▸ **TASK GOAL**: Would you copy exactly the lines in the data below from the one that has "Al quedar dos" through the one that has "Orquestra La Montanara animou o evento", dropping any pictures?

▸ **DATASET RECORDS**:
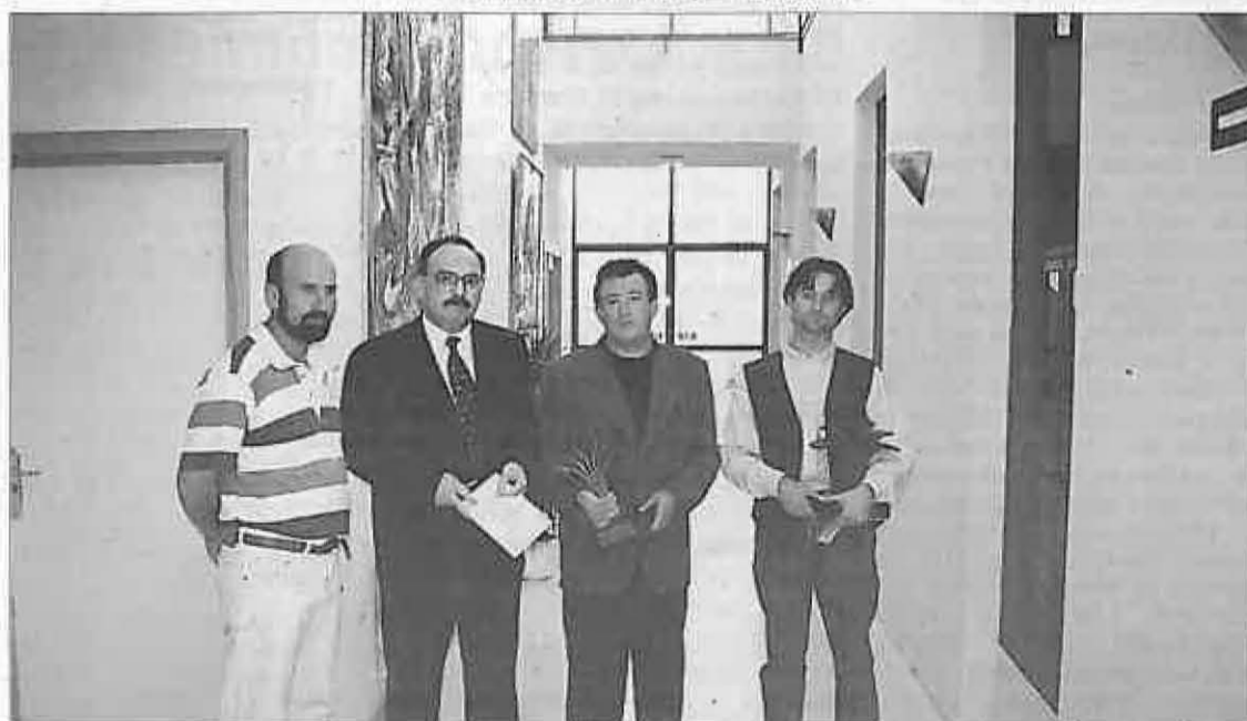
Los ganadores recibieron sus premios.

Al quedar dos vacantes libres en el Programa de Garantía Social que acaba de comenzar en este Ayuntamiento, se amplía el plazo de inscripción a este mes de Noviembre. Los interesados (jóvenes entre 16 y 21 años) pueden pasarse por la Casa de Cultura para obtener información.
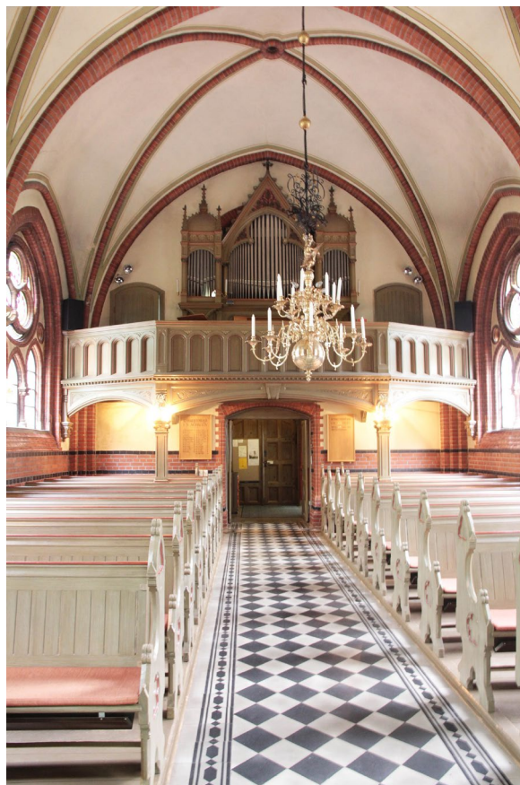
Orgelläktare med orgel i väster.

Mittgången flankeras av två öppna bänkkvarter som vilar på en träsockel. Övriga golvytor i kyrkorummet är belagda med svarta och vita viktoriaplattor i rutmönster med mönstrade friser utmed bänkkvarter och väggar. I långhusets östra del redovisar frisen bänkkvarterens ursprungliga utsträckning, innan bänkrader avlägsnades i mitten på 1990-talet. Vissa plattor, särskilt i frisen, har bytts ut och avviker en aning i kulör gentemot de ursprungliga. I långhusets sydöstra hörn står predikstolen, som nås via sakristian, och i det nordöstra dopfunten.
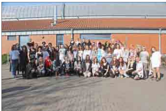
Tag 5: Horror
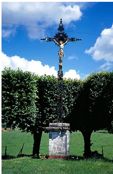
Vue générale. IVR22_19980201263XA
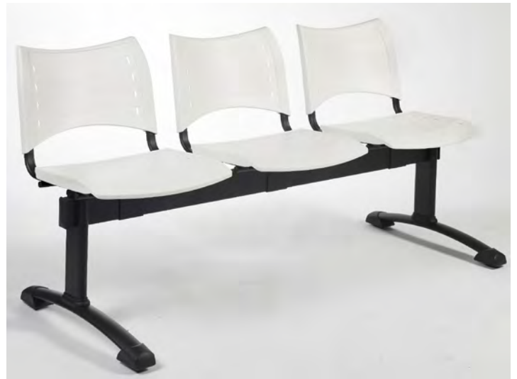
— Siège sur poutre 3 places . Assise et dossier en polypropylène blanc .
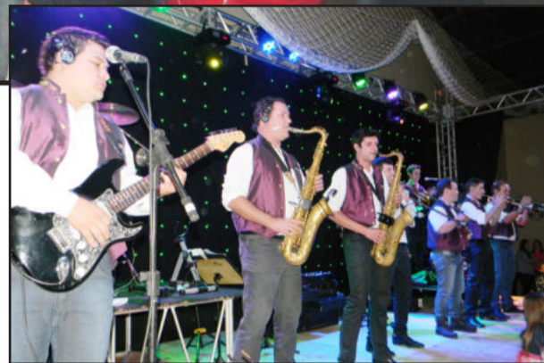
Orquestra La Montanara animou o evento

A diretoria da SUBV de Boa Vista - Poço das Antas agradece aos colaboradores, patrocinadores, pessoas que se empenharam ajudando no serviço da jantã, que foi servida na mesa, e, em especial, a todas as pessoas que compareceram no evento, fazendo deste um dos maiores bailes da história.
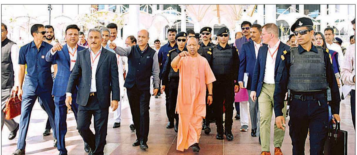
नोएडा इंटरनेशनल एयरपोर्ट के लोकार्पण कार्यक्रम की तैयारी का निरीक्षण करते मुख्यमंत्री योगी, साथ में अन्य।

अमृत विचार: नोएडा इंटरनेशनल एयरपोर्ट, जेवर के प्रस्तावित लोकार्पण कार्यक्रम को लेकर तैयारियां तेज हो गई हैं। मुख्यमंत्री योगी आदित्यनाथ ने रविवार को स्थलीय निरीक्षण कर व्यवस्थाओं का जायजा लिया और अधिकारियों के साथ समीक्षा बैठक कर कार्यक्रम को भव्य व व्यवस्थित ढंग से संपन्न कराने के निर्देश दिए। उल्लेखनीय है कि प्रधानमंत्री नरेंद्र मोदी 28 मार्च को नोएडा इंटरनेशनल एयरपोर्ट और कार्गो टर्मिनल का लोकार्पण करेंगे, साथ ही मेटेनेस, रिपेयर एंड ओवरहॉल (एमआरओ) परियोजना का शिलान्यास भी करेंगे। निरीक्षण के दौरान मुख्यमंत्री ने प्रधानमंत्री के संभावित भ्रमण मार्ग, पैसेंजर टर्मिनल, कार्गो टर्मिनल, हेलीपैड, पार्किंग और रैली स्थल का अवलोकन कर तैयारियों की विस्तृत जानकारी ली। उन्होंने अधिकारियों को निर्देश दिया कि सभी कार्य समयसीमा के भीतर
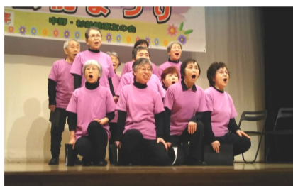
大迫力の朗読は「走れメロス」
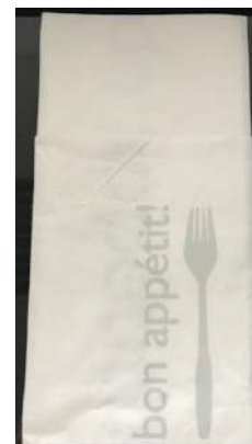
64007 BESTECKTASCHE SERVIETTE TORK Schriftzug: Bon Appetit, 40 x 40 cm, 200 Stück/Paket
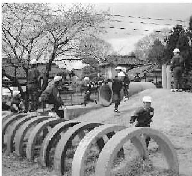
授業時間数の確保はどうか

答 月曜日の収納窓口を夜7時まで延長、分納相談などの対策で滞納を少なくする。さらに、少子高齢化の中で、人口減対策、地の利を生かした企業誘致を展開したい。 中学生まで医療費無料化、国保会計への繰出し等があり、財政健全化計画は1年前倒しで見直す。
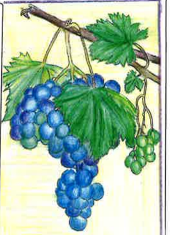
→Nさんの作品(趣味活動のぬりえ)

毎年春に開催されていた、「中島川まつり」では手作りの前掛けや手作りの花を売りに行っていた。二、三ヶ月かけて、寮母さんと一緒にバラ、カーネーション、ポピーや小物入れのカゴなどを手作りした。前日には、自分たちでおつりを準備して、当日に備えた。「花がよく売っていたんですよ。」
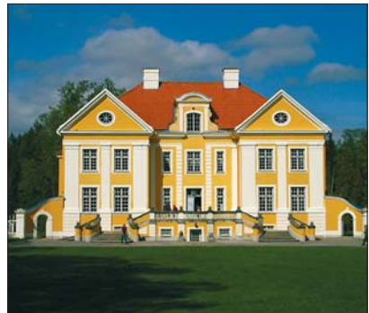
Palmse mõis – üks kaunimaid mõisahooned Eestis

▸ **TASK SOLUTION**:
Al quedar dos vacantes libres en el Programa de Garantía Social que acaba de comenzar en este Ayuntamiento, se amplía el plazo de inscripción a este mes de Noviembre. Los interesados (jóvenes entre 16 y 21 años) pueden pasarse por la Casa de Cultura para obtener información.
Orgelläktare med orgel i väster.

Mittgången flankeras av två öppna bänkkvarter som vilar på en träsockel. Övriga golvytor i kyrkorummet är belagda med svarta och vita viktoriaplattor i rutmönster med mönstrade friser utmed bänkkvarter och väggar. I långhusets östra del redovisar frisen bänkkvarterens ursprungliga utsträckning, innan bänkrader avlägsnades i mitten på 1990-talet. Vissa plattor, särskilt i frisen, har bytts ut och avviker en aning i kulör gentemot de ursprungliga. I långhusets sydöstra hörn står predikstolen, som nås via sakristian, och i det nordöstra dopfunten.
Tag 5: Horror
Vue générale. IVR22_19980201263XA
— Siège sur poutre 3 places . Assise et dossier en polypropylène blanc .
Orquestra La Montanara animou o evento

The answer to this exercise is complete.